I’ve asked myself and my guess is that you have also pondered the age-old question “would you want to live forever?”  The children’s book “Tuck Everlasting” by Natalie Babbitt explores the concept of immortality and explores whether living forever is as desirable as it may appear to be.

The typical response is only if I could stay healthy and vibrant. In our life time we will most likely not attain immortality, but there are a number of anti-aging tricks for slowing down the clock.

Age defying nutrients

  1. Study finds link between high EPA and DHA Omega-3 blood levels and decreased risk of death  Higher Omega-3 levels are linked to longer life. In a 15-year study of 6,500 elderly women, those with the highest blood concentration of omega-3 fatty acids were 20 percent less likely to die from any cause compared to those with the lowest levels. The researchers estimated that intakes of about 1 gram per day of EPA and DHA would be enough for a woman with the lowest blood serum concentration to shift to the group with the highest concentration. How? By taking one to three soft-gels of a high-quality omega-3 supplement daily or one teaspoon of a liquid supplement.

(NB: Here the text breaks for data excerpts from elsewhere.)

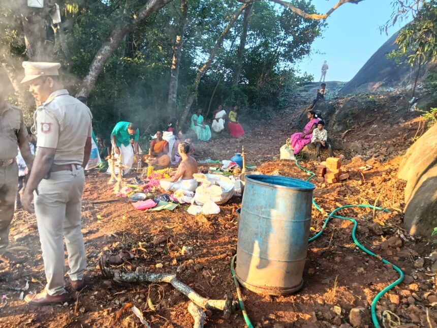 இதை அடுத்து இன்று 10ஆம் தேதி இந்த நிகழ்ச்சி நடத்த போலிஸ் அனுமதி வழங்கியது. இதையடுத்து அந்த இடத்தில் இன்று காலை கோவில் நிர்வாகிகள் மற்றும் ஊர் பொதுமக்கள் இணைந்து மயிலாடும்பாறையில் கோயிலில் சென்று பூஜைகள் நடத்தினர். கூட்டாலுமூடு கோவில் மேல்சாந்தி தலைமையில் பூஜைகள் நடைபெற்றன. தொடர்ந்து பக்தர்கள் பஜனையும் நடத்தினர்.
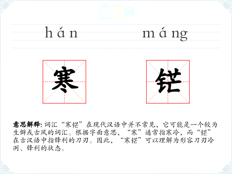 - 词源:“寒”源自寒冷,“铓”源自锋利的刀刃。
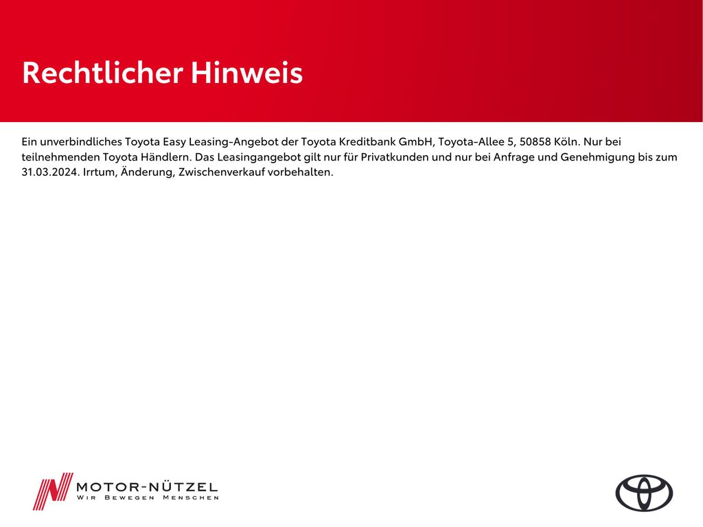 Angaben zum Hersteller: Toyota Deutschland GmbH, Toyota, Toyota-Allee 2, 50858 Köln, 02234-102-2690, kundenbetreuung(at)toyota.de
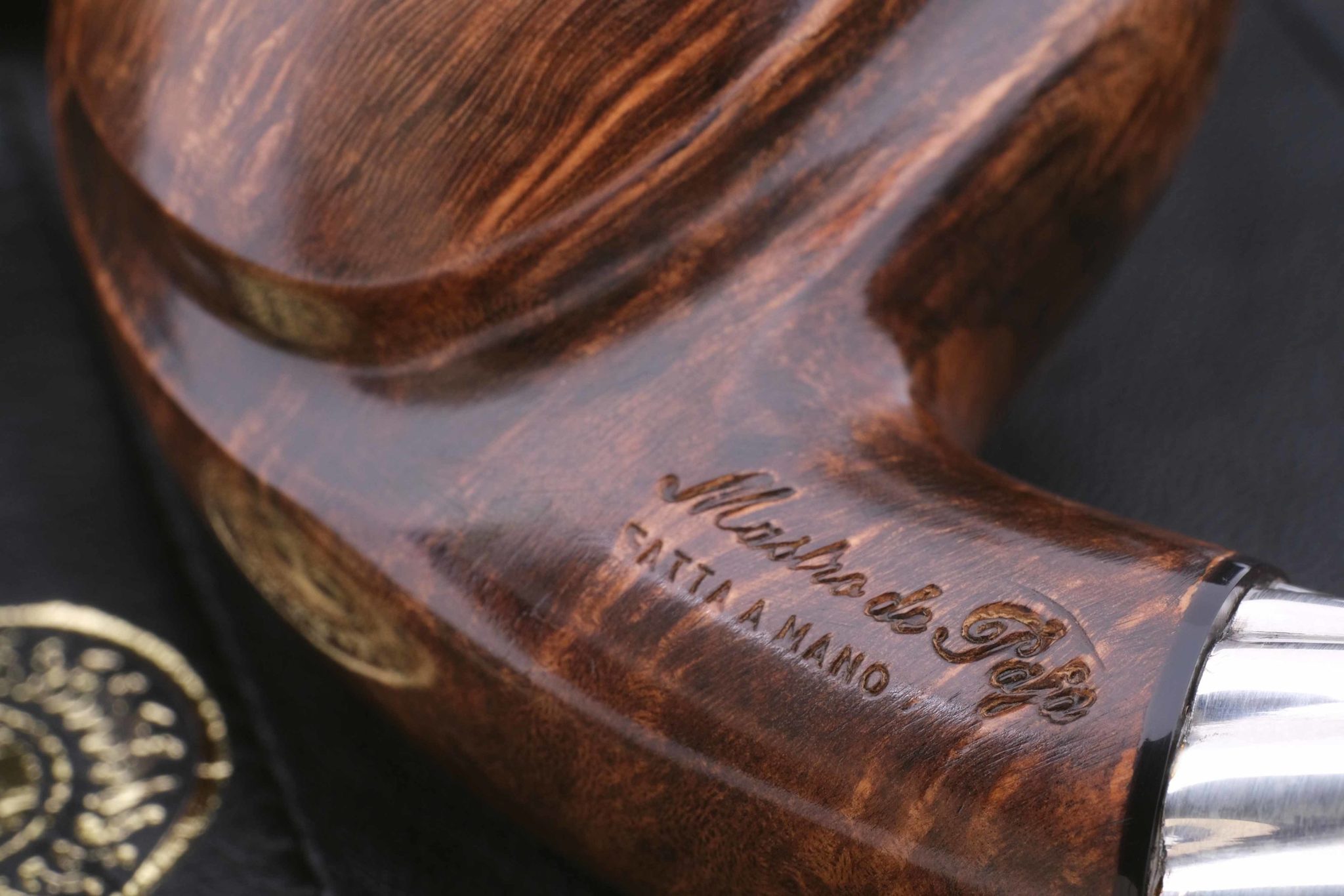Табачная камера карбонизирована. В комплекте фирменный кожаный кисет, подарочная коробка и буклет-каталог компании Mastro de Paja.
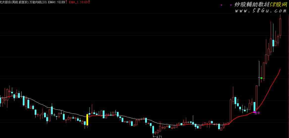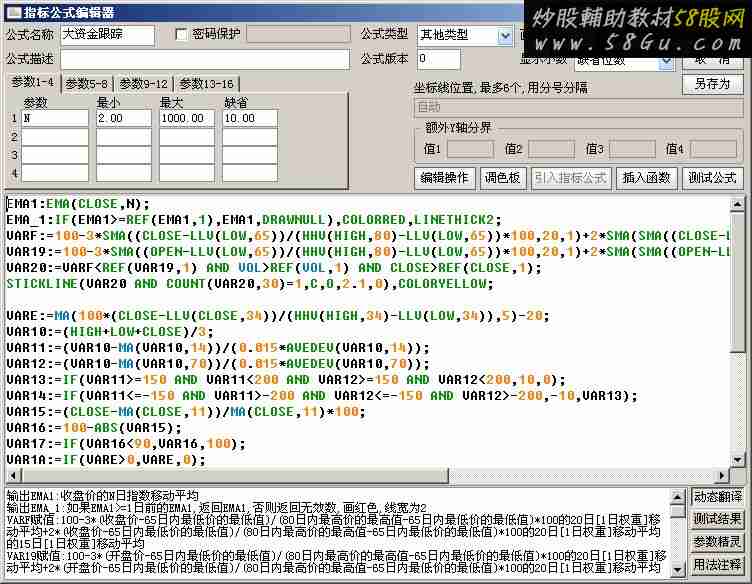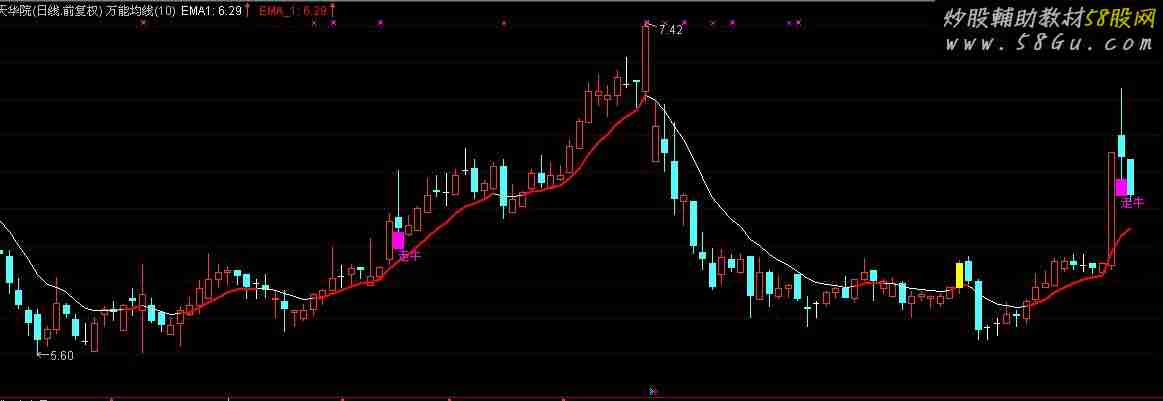 EMA_1:IF(EMA1>=REF(EMA1,1),EMA1,DRAWNULL),COLORRED,LINETHICK2;以10日均线为默认缺省值,在主图中右击点"当前主图指标"-----"调整指标参数"-----"方框内上下按钮选择2-250天的数值范围"----主图上K线多个低点连接可知主力心理底线价格,沿该线一路持有,破位则一半或全部卖出。至简至真,明明白白。长线方案可选择周线或月线同理调整即可。
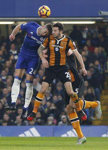 Chelsea's Gary Cahill, left, and Hull City's Ryan Mason challenge for the ball during the English Premier League soccer match between Chelsea and Hull City at Stamford Bridge stadium in London, Sunday, Jan. 22, 2017. (AP Photo/Frank Augstein) The Associated Press
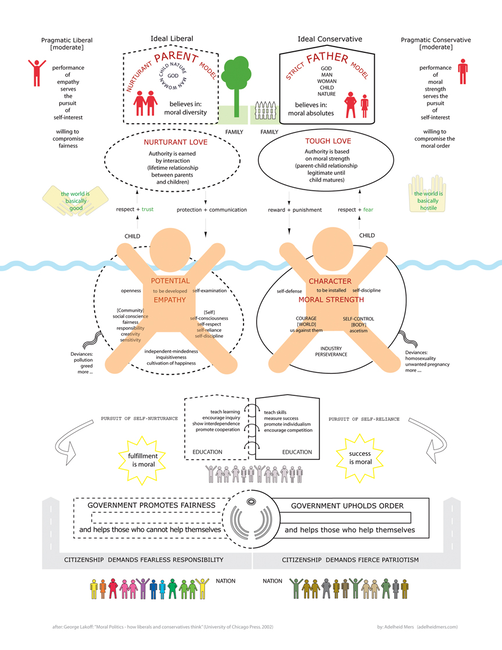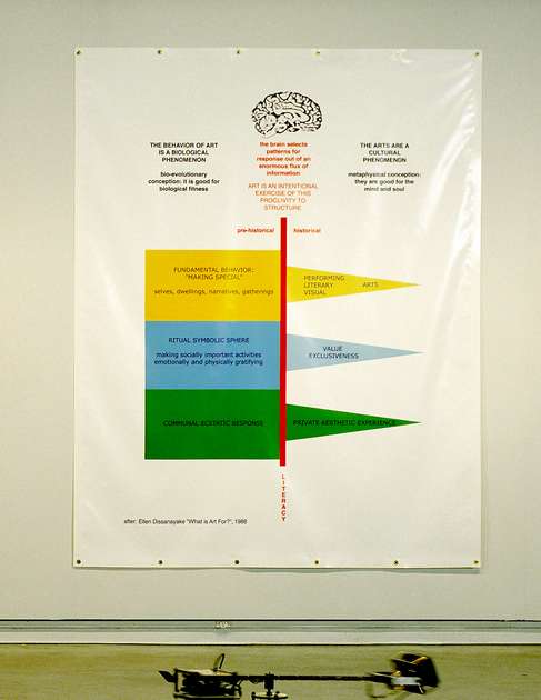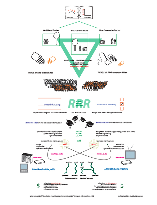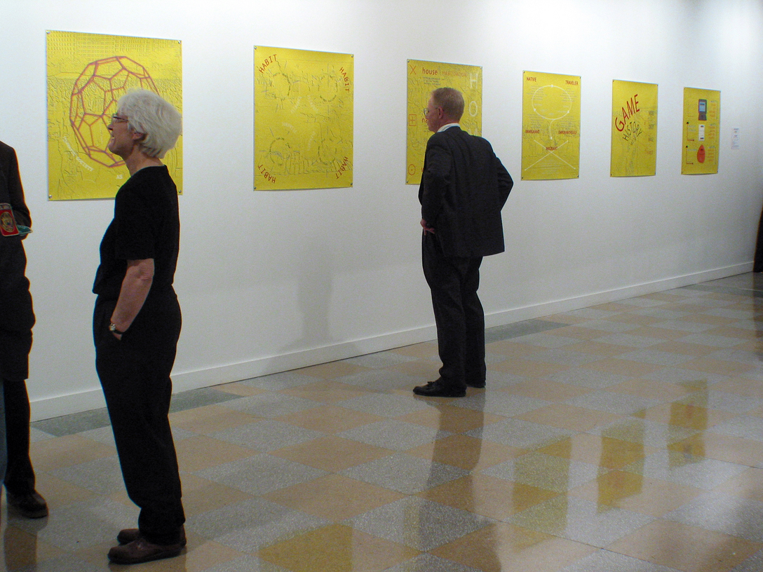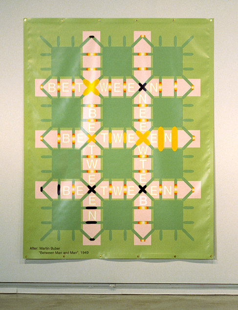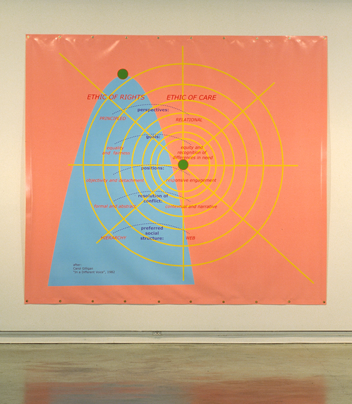 The exhibition, "Backgrounds and Conversations", 2004, in Chicago, was a participatory installation, an expanded, spatial diagram, grounded by three images after George Lakoff's "Moral Politics - How Progressives and Conservatives Think'". Core phrases were suspended throughout, inviting visitors to pose under them. The work was later also exhibited at Drake University, Des Moines, IA, in tandem with a symposium on political value formation.
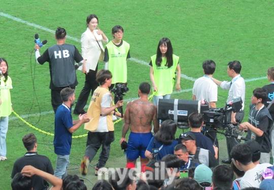 [마이데일리 = 서울월드컵경기장 이현호 기자] 엘링 홀란드(맨시티)와 멤피스 데파이(아틀레티코 마드리드)가 유니폼을 벗어 한국 팬들에게 선물했다.
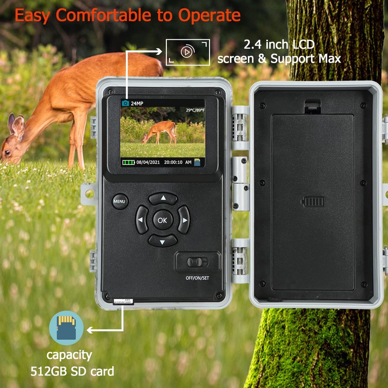 - [24MP Photo + 1296P HD Video] This hunting camera captures sharp and clear 24 megapixels and 1296P HD videos. An SD card (not included) can take thousands of high-quality photos and hours of videos.

Another option is to eat two or three salmon fillets each week.
  2. Study Finds Association Between Eating Hot Peppers And Decreased Mortality  If you like hot chile peppers eat more of them! After studying more than 16,000 adults, researchers at the University of Vermont found that those who ate chili peppers had a lower risk of dying from heart disease or stroke. The study did not indicate the quantity of peppers consumed, but capsaicin, the active ingredient that makes peppers “hot” aids in preventing obesity, supports blood flow, reduces inflammation and has antimicrobial properties.
  3. Beans, beans the musical fruit, the more you eat the more you toot. There’s another reason to eat beans. They contain phytates, nutritional compounds that strengthen the immune system and kill cancer cells. They also support brain health and are said to reverse the aging process at the cellular level. Beans are also high in fiber which helps lower cholesterol and regulate blood sugar.
  4. Two studies found that those with higher levels of vitamin D have longer telomeres, and thus may actually age more slowly than people with low vitamin D levels. Telomeres are the caps at the end of each strand of DNA that protect our chromosomes. A good analogy is that they are like the plastic tips at the end of shoelaces. Without the coating, shoelaces become frayed until they can no longer do their job.  Similarly, without telomeres DNA strands become damaged and then cells can’t do their job.  A study that included 4,347 participants in which 47% were men and 42% were women, researchers concluded that there is positive association between vitamin D levels and telomere length. This means that people with higher levels of vitamin D may actually age more slowly than people with lower levels of vitamin D. Vitamin D reduces the effects of chronic inflammation and may play a role in protecting your body from deteriorating from diseases associated with aging.The association of telomere length and serum 25-hydroxyvitamin D levels in US adults: the National Health and Nutrition Examination Survey.
  5. The traditional diet in Okinawa is anchored by root vegetables, especially sweet potatoes, green and yellow vegetables, soybean-based foods, and medicinal plants. Another feature of the Okinawan diet is the consumption of green tea. There have been more than 1000 studies done on the antioxidants found in green tea, demonstrating how they may be providing some level of chemoprevention in prostate and breast cancer. Green tea has also been shown to help reduce cardiovascular disease. Drink green tea for health and relaxation

    Many characteristics of the traditional Okinawan diet are shared with other healthy dietary patterns, including the traditional Mediterranean diet, DASH diet, and Portfolio diet. All these dietary patterns are associated with reduced risk for cardiovascular disease, among other age-associated diseases. Overall, the important shared features of these healthy dietary patterns include: high intake of unrefined carbohydrates, moderate protein intake with emphasis on vegetables/legumes, fish, and lean meats as sources, and a healthy fat profile (higher in mono/polyunsaturated fats, lower in saturated fat; rich in omega-3). The healthy fat intake is likely one mechanism for reducing inflammation, optimizing cholesterol, and other risk factors. Additionally, the lower caloric density of plant-rich diets results in lower caloric intake with concomitant high intake of phytonutrients and antioxidants. Other shared features include low glycemic load, less inflammation and oxidative stress, and potential modulation of aging-related biological pathways. This may reduce risk for chronic age-associated diseases and promote healthy aging and longevity.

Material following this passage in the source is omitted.